** Material for the task follows **

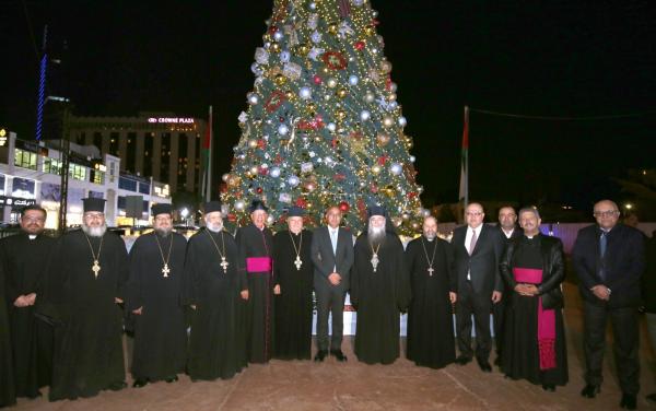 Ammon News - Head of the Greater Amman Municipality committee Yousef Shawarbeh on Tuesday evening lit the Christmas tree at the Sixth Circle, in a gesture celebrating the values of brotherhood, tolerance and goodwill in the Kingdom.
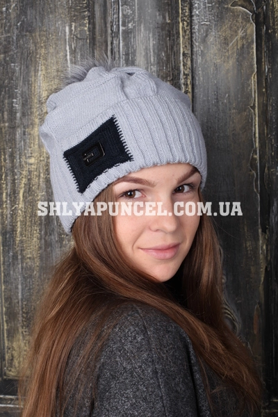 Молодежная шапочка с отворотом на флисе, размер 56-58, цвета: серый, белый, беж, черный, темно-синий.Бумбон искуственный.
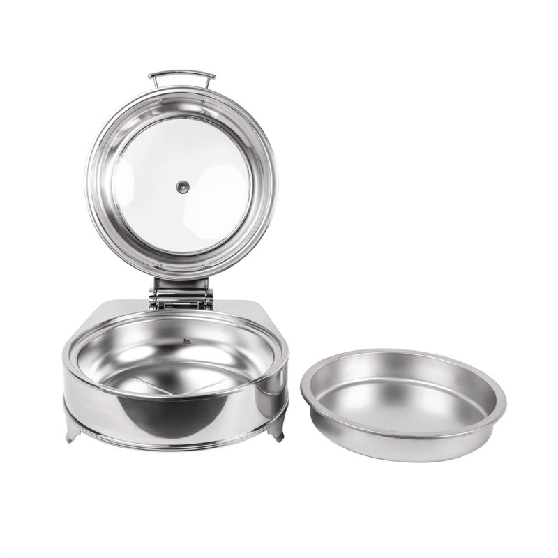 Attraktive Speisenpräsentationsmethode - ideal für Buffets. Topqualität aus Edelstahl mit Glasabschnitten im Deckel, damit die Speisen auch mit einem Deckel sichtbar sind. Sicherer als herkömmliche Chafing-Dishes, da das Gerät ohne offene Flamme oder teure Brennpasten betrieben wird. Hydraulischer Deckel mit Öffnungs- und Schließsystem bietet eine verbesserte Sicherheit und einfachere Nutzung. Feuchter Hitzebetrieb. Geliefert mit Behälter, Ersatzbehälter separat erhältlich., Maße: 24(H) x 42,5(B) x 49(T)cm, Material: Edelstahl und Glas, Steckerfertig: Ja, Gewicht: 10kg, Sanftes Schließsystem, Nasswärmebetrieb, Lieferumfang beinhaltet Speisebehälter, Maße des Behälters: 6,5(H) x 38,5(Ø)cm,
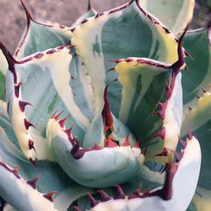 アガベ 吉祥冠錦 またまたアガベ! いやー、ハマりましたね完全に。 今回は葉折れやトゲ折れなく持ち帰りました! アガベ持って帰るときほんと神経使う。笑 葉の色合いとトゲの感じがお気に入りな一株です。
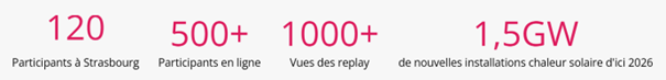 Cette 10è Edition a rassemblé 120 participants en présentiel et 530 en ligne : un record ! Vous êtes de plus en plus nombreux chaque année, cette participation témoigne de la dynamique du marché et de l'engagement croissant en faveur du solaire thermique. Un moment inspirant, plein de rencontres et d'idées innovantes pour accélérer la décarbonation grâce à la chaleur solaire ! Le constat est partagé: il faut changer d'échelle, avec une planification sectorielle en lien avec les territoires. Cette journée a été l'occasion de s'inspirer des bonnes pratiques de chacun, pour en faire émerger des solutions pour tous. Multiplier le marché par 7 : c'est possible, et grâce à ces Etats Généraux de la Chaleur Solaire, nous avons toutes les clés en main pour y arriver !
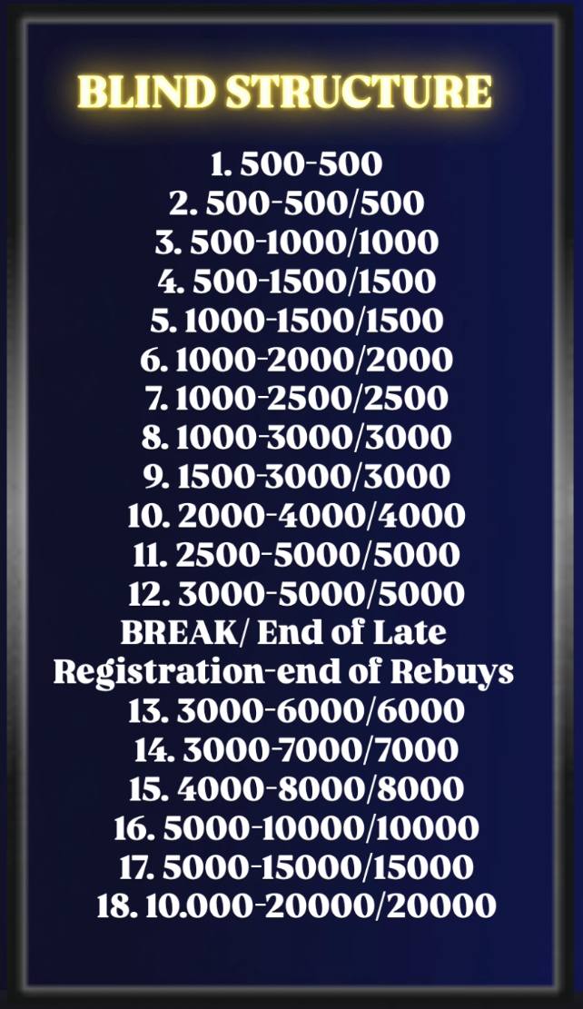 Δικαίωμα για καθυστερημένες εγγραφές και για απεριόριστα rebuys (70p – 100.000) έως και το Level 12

** End of Material for the task **
** Material for the task follows **

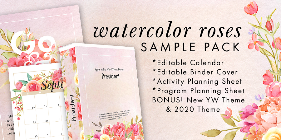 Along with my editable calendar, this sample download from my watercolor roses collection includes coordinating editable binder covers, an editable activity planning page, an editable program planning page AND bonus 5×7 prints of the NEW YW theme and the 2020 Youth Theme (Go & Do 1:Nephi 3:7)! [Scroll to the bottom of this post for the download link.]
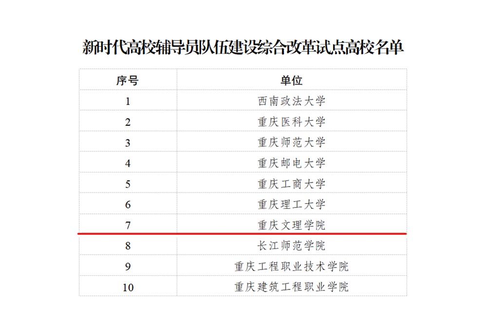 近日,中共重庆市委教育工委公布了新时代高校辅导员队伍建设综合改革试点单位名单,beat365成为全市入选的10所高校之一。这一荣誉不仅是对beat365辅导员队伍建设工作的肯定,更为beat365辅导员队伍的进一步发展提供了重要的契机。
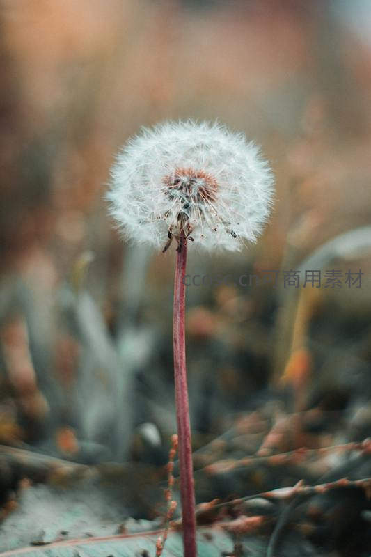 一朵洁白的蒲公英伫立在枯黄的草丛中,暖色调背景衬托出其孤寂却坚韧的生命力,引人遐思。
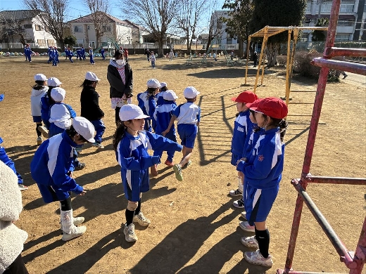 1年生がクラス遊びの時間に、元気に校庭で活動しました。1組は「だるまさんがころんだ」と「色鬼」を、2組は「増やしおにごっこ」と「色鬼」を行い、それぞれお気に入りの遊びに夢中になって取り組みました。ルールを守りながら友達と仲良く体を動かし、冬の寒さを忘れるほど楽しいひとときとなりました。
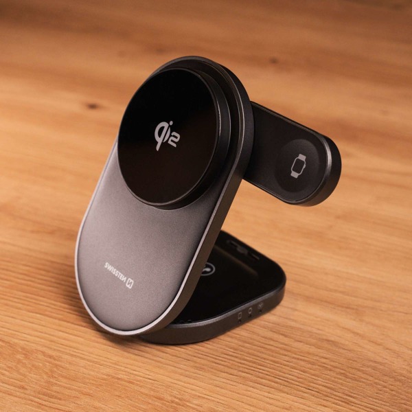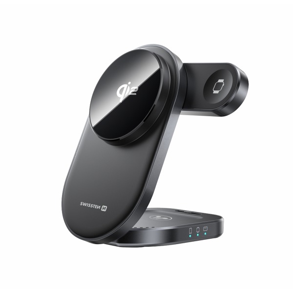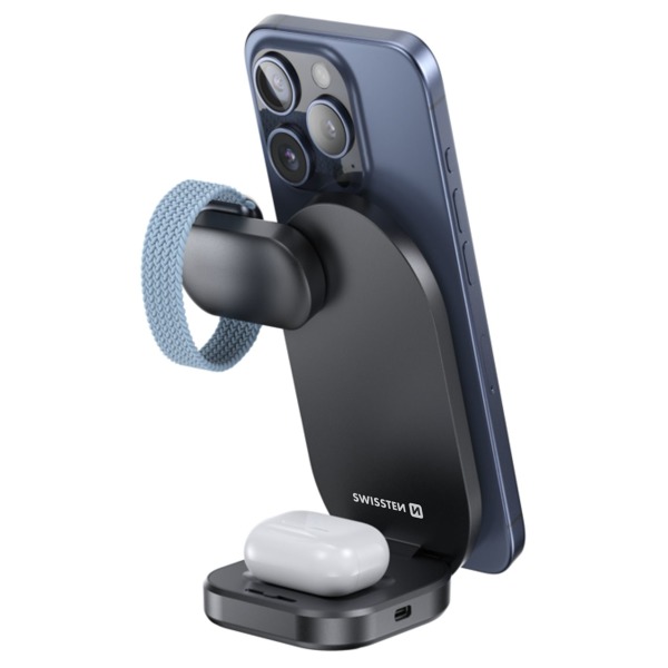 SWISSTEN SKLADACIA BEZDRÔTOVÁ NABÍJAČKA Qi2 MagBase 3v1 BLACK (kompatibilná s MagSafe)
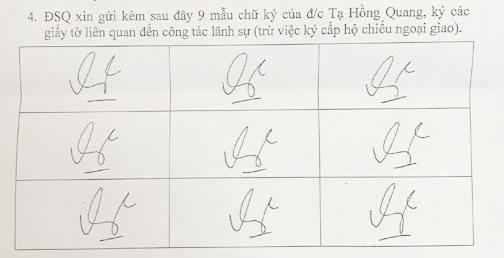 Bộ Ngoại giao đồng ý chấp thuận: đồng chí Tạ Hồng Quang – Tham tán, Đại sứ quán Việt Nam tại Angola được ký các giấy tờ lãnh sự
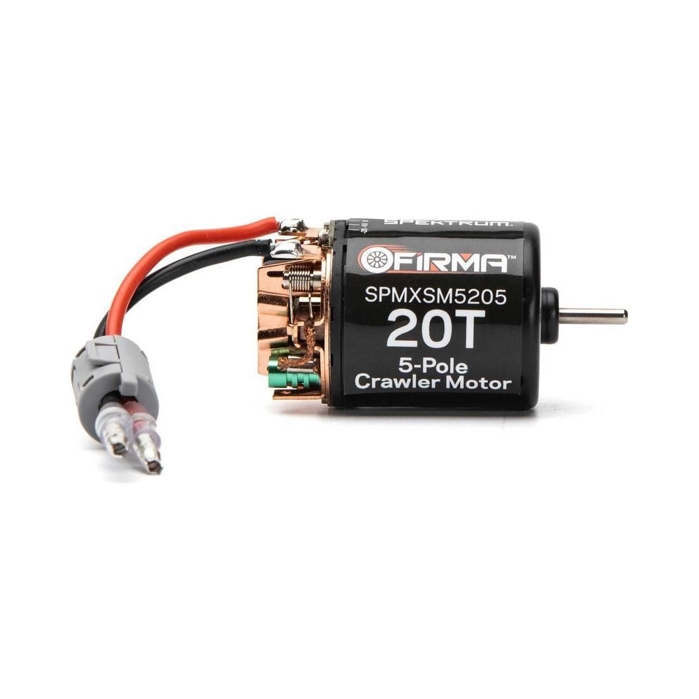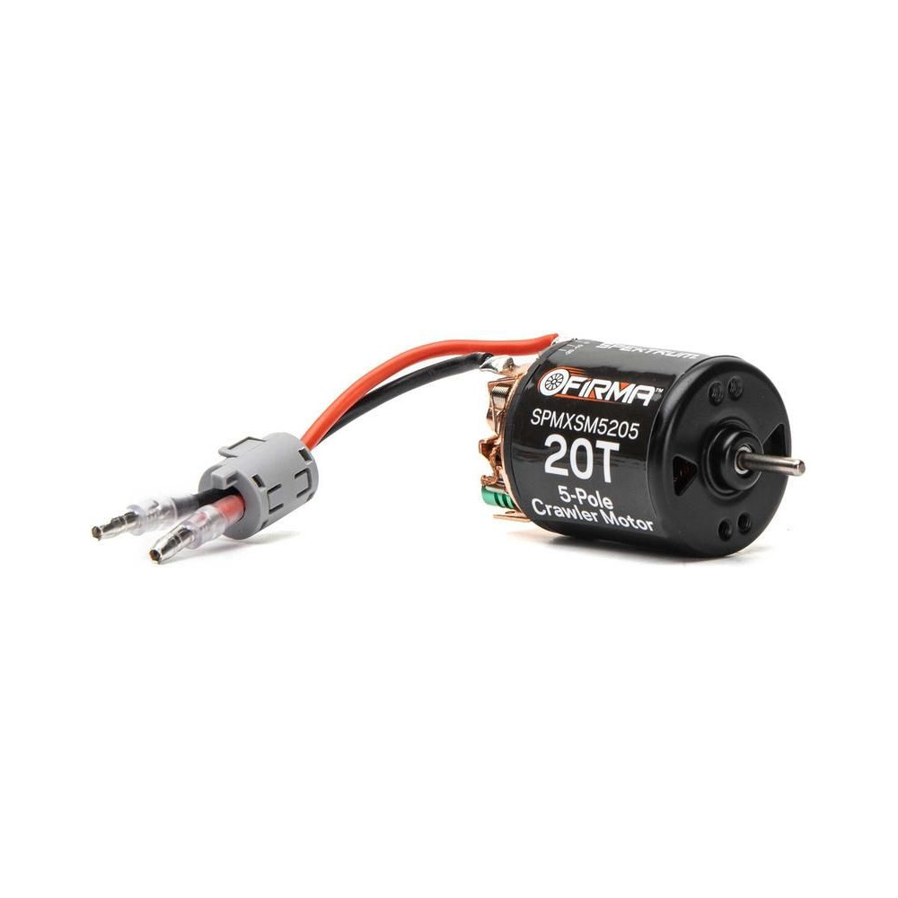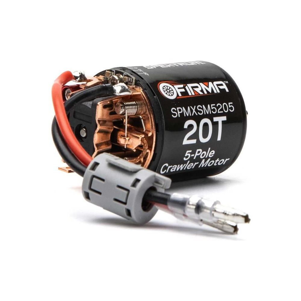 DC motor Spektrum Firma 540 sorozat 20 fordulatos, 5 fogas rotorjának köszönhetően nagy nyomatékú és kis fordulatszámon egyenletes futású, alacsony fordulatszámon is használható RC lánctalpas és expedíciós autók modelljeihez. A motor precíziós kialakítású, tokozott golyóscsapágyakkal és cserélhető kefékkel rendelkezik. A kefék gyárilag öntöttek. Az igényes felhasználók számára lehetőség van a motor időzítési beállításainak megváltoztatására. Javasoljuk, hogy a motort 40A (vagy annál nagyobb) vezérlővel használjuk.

** End of Material for the task **

About this task
Only the lines above from the one with "一朵洁白的蒲公英伫立在枯黄的" to the one with "Bộ Ngoại giao" should be printed, both included and exactly as written; no picture belongs in the copy.

Task result
 一朵洁白的蒲公英伫立在枯黄的草丛中,暖色调背景衬托出其孤寂却坚韧的生命力,引人遐思。
 1年生がクラス遊びの時間に、元気に校庭で活動しました。1組は「だるまさんがころんだ」と「色鬼」を、2組は「増やしおにごっこ」と「色鬼」を行い、それぞれお気に入りの遊びに夢中になって取り組みました。ルールを守りながら友達と仲良く体を動かし、冬の寒さを忘れるほど楽しいひとときとなりました。
 SWISSTEN SKLADACIA BEZDRÔTOVÁ NABÍJAČKA Qi2 MagBase 3v1 BLACK (kompatibilná s MagSafe)
 Bộ Ngoại giao đồng ý chấp thuận: đồng chí Tạ Hồng Quang – Tham tán, Đại sứ quán Việt Nam tại Angola được ký các giấy tờ lãnh sự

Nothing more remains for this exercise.